Directions: Output the listing verbatim, leaving out every picture.

[Supplied material]

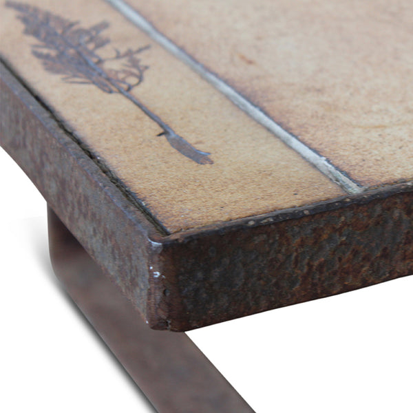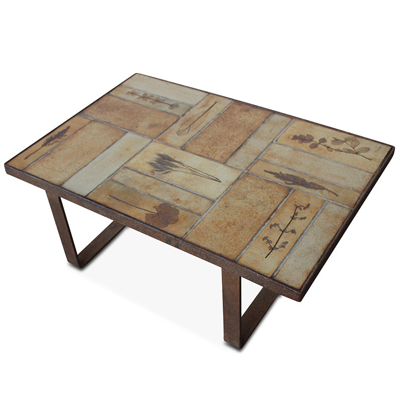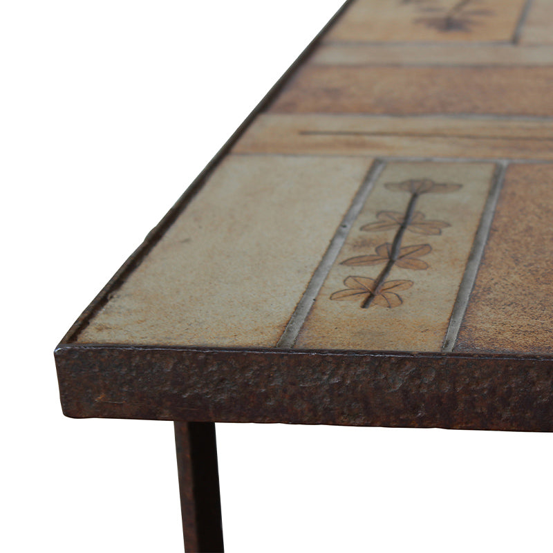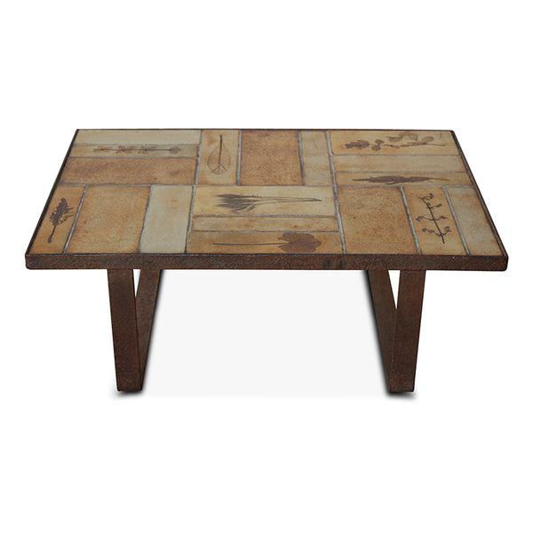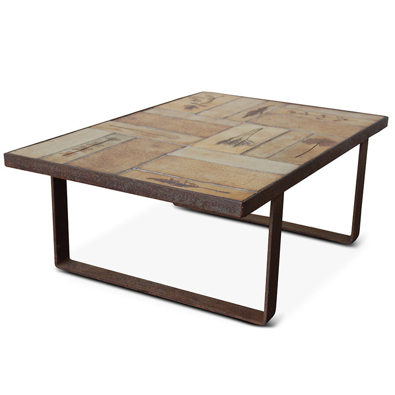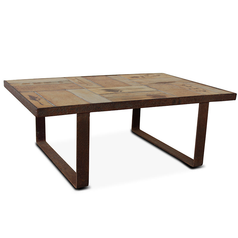 A vintage coffee table by Roger Capron. Features a hammered steel base and ceramic tiles with imprints. Steel base shows patina, and the ceramic tiles are all in excellent condition.
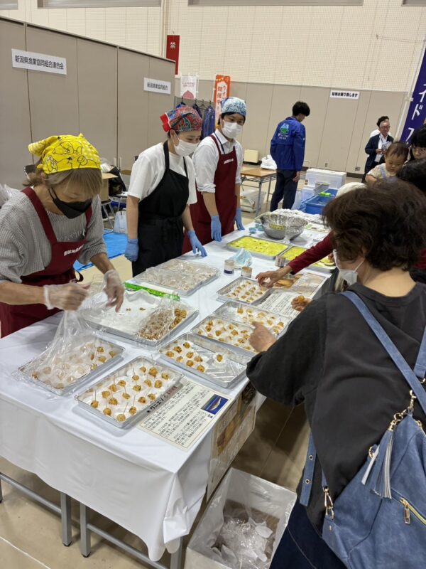新潟県漁業協同組合連合会も魚食普及の会様、そして新潟漁業協同組合様と共同のブースで出展いたしました。
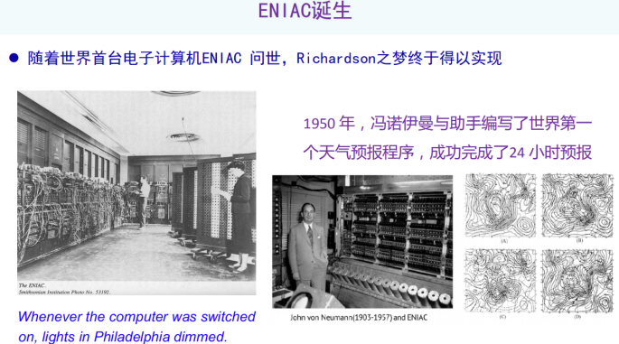 随着世界第一台电子计算机ENIAC的问世,理查德森之梦终于得以实现,ENIAC重达几十吨,占地面积非常大,并且耗电惊人。据说每当ENIAC开机的时候,整个费城的灯都暗了。1950年,冯诺伊曼和他的助手改造了ENIAC的可编程性,并在这个基础上编写了世界上第一个天气预报程序,成功完成了24小时预报,实现了理查德森之梦,也成为了科学计算的蓬勃发展的一个重要开端。

[/Supplied material]

Expected answer:
 A vintage coffee table by Roger Capron. Features a hammered steel base and ceramic tiles with imprints. Steel base shows patina, and the ceramic tiles are all in excellent condition.
新潟県漁業協同組合連合会も魚食普及の会様、そして新潟漁業協同組合様と共同のブースで出展いたしました。
 随着世界第一台电子计算机ENIAC的问世,理查德森之梦终于得以实现,ENIAC重达几十吨,占地面积非常大,并且耗电惊人。据说每当ENIAC开机的时候,整个费城的灯都暗了。1950年,冯诺伊曼和他的助手改造了ENIAC的可编程性,并在这个基础上编写了世界上第一个天气预报程序,成功完成了24小时预报,实现了理查德森之梦,也成为了科学计算的蓬勃发展的一个重要开端。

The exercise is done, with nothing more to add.